Stored items
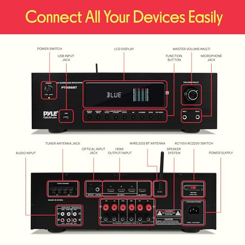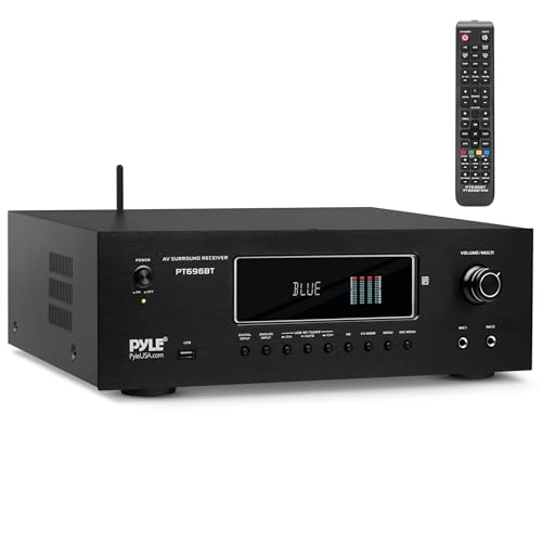 Features: – 5.2 Channel Receiver System – AV (Audio/Video) Stereo Amplifier – Hi-Fi Home Theater Surround Sound – Built-in Bluetooth Wireless Audio Streaming – Next-Gen Audio DSP Sound Processing Technology – 4K Ultra HD TV Pass-Through Support – 3D Video & Blu-Ray Video Pass-Through Support – Digital Dynamic, VFD Display with AM/FM Radio – Connect & Stream Audio from External Devices – MP3 Digital Audio Support – USB Flash Drive Reader – Connection Interface: (2) IN, (1) OUT x HD, Speaker Binding Posts, Optical / COAX Digital Audio – HDMI Output + Dedicated RCA Subwoofer Output – (2) 1/4’’ -inch Microphone Inputs – Independent Input Source Selection – Digital Graphic Audio Output Level Display – Mic Echo, Bass, Treble, Volume Control Adjustment – Over Current, Short Circuit, and Over Voltage Protection Wireless Bluetooth Connectivity: – Simple & Hassle-Free Pairing – Instantly Receives Wireless Music Streaming – Works with all of Today’s Latest Devices – Smartphones, Tablets, Laptops, Computers, etc.) – Bluetooth Version: 5.0 – Bluetooth Network Name: ‘PYLE PRO’ – Wireless Range: 30’+ ft. What’s in the Box: – AV Receiver – Remote Control – Power Cable Technical Specs: – Power Output: 1000 Watt MAX – Amplifier Receiver Type: 5.2-Channel – Speaker Impedance: 4-16 Ohm – S/N Ratio: >80dB – T.H.D.: <0.05% – Frequency Response: 20Hz-20kHz – Radio Station Memory: 30 Presets – Digital Audio File Support: MP3 / WMA / APE / FLAC – Maximum USB Flash Support: Up to 1 TB – Battery Operated Remote Control, Requires (2) x ‘AAA’ Batteries, Not Included – Power Cable Length: 3.9’ ft. – Power Supply: 120V/240V, switchable – Total Unit Dimensions (L x W x H): 16.9’’ x 13.8’’ x 5.5 ’’ -inches.
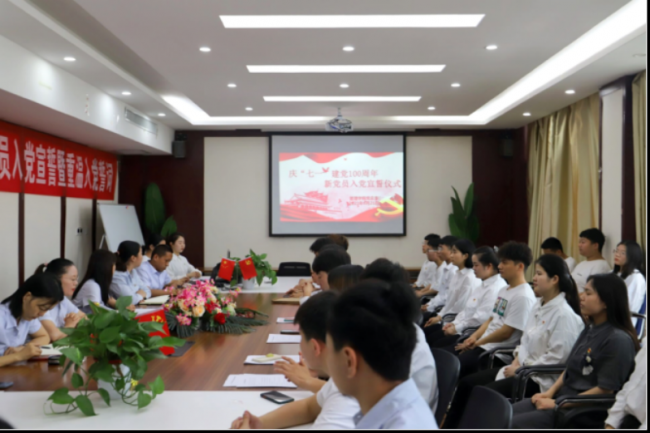 为庆祝中国共产党成立100周年,营造爱党信党跟党走的浓厚氛围,6月21日,管理学院在C栋608室举办“党建于行”入党宣誓仪式。学院党总支书记袁清、团总支书记李爽、教工党支部书记赵珂珂、学生第二党支部书记郝春海,以及本期新党员代表和部分入党积极分子、发展对象参加会议。仪式由学院党总支副书记路艳娜主持。
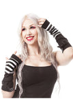 Embrace your inner rebel with the Heartless Stripe Strap Armwarmers. Order yours today and complete your edgy look.
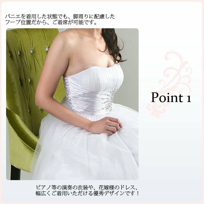 他の画像を見る 販売価格 ¥ 6,820 税込 在庫切れ ドレス専用パニエ ウエディング 演奏会 発表会 ステージ 衣装 6段フープ付きパニエ 調整可能 UW-PC3116M カートに入れる お気に入りに登録する
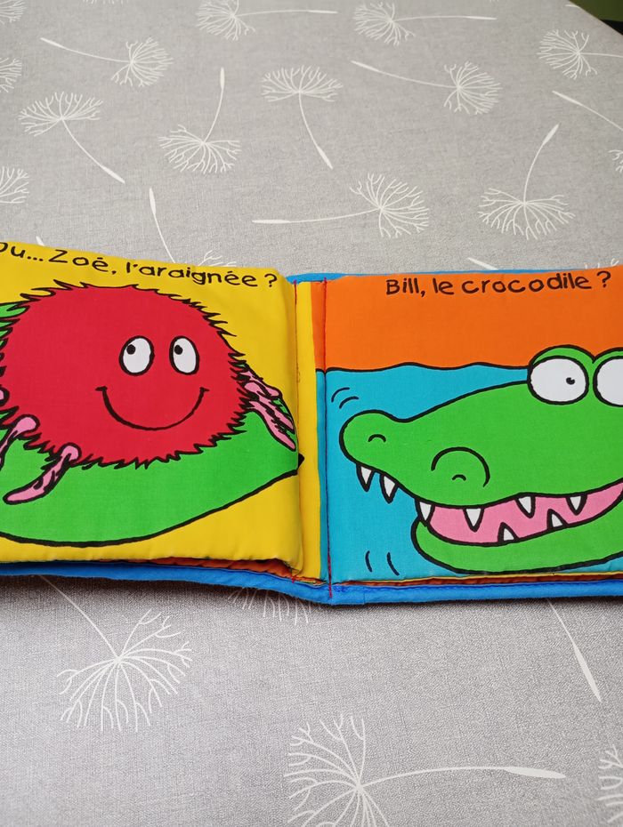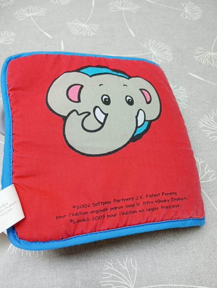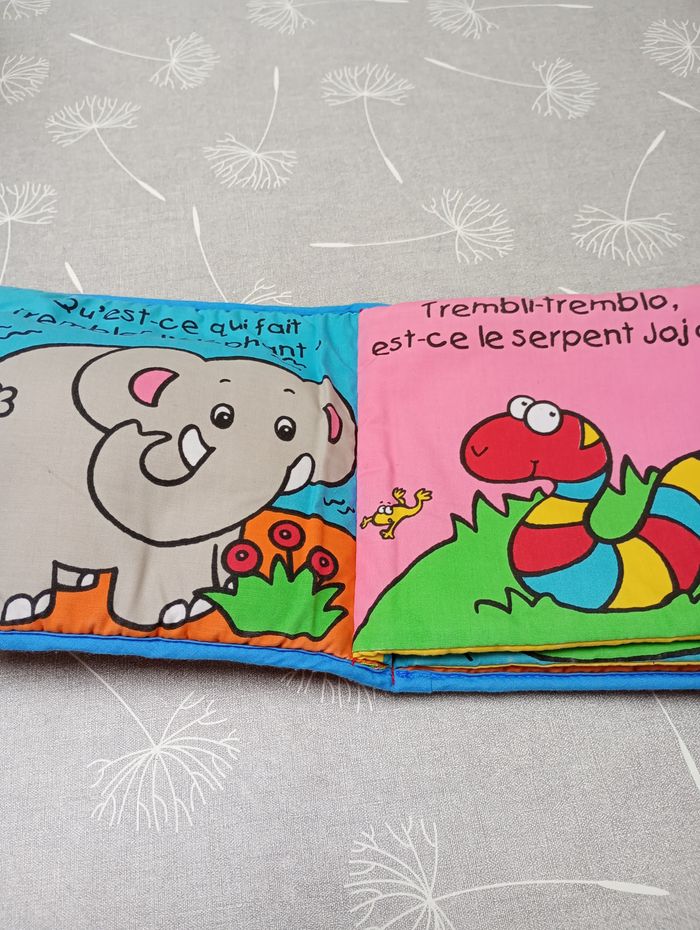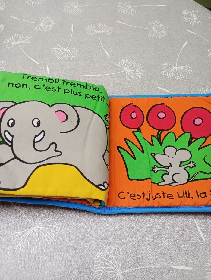 Livre "Trembli-Tremblo". Tire sur la trompe de l'éléphant et le livre tremble. Marque : Lipokili. Très bon état.
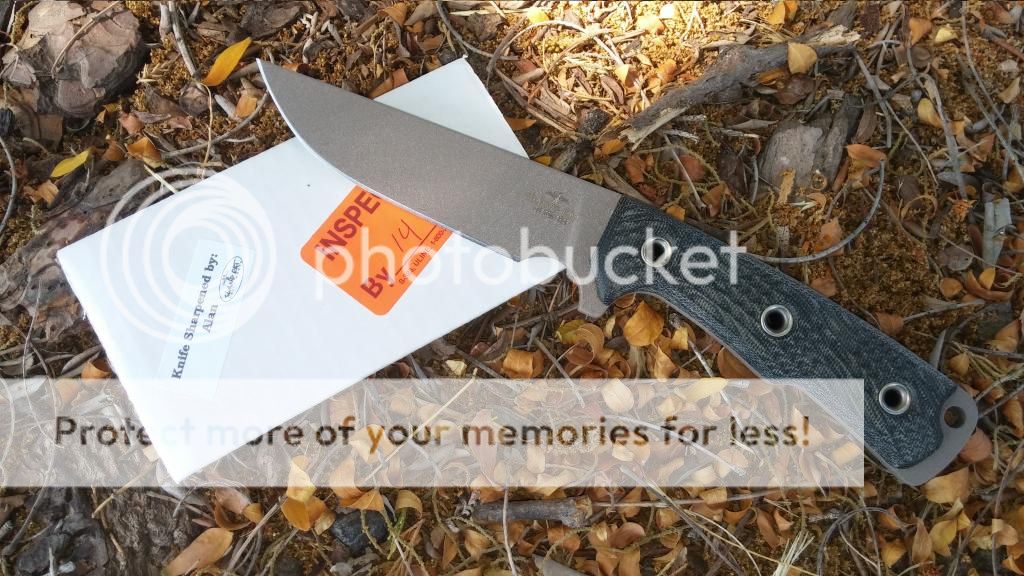 This R4 features a Full Flat Grind and has a Straight Spine. The color combo is Desert Sage/Black Canvas Micarta. The lighter coloring toward the tip of the blade is just the sun hitting that spot. Nice black canvas slabs with good character on the handle. Comes with the factory cardboard sheath only. $175
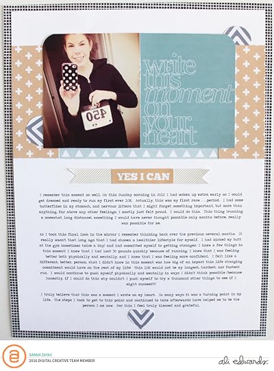 Instagram. It made it so easy to do it right then and then be able to copy and paste into both my blog post and then onto these two 4x6 cards. As you can see, I created some space within my journaling to hold the #1 and #2 chipboard circles. I used Helvetica Condensed Bold for the times and Remington Noiseless for my journaling.
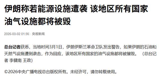 3 月 1 日,伊朗伊斯兰革命卫队公开发出重磅警告:如果伊朗本国的石油和天然气设施遭到袭击,作为回应,该地区所有国家的油气设施都将被摧毁。

EXERCISE REQUIREMENTS:
Nothing but the lines from the one with "为庆祝中国共产党成立100周" to the one with "Embrace your inner" above, both included, should be transcribed, exactly and without pictures.

EXERCISE RESPONSE:
 为庆祝中国共产党成立100周年,营造爱党信党跟党走的浓厚氛围,6月21日,管理学院在C栋608室举办“党建于行”入党宣誓仪式。学院党总支书记袁清、团总支书记李爽、教工党支部书记赵珂珂、学生第二党支部书记郝春海,以及本期新党员代表和部分入党积极分子、发展对象参加会议。仪式由学院党总支副书记路艳娜主持。
 Embrace your inner rebel with the Heartless Stripe Strap Armwarmers. Order yours today and complete your edgy look.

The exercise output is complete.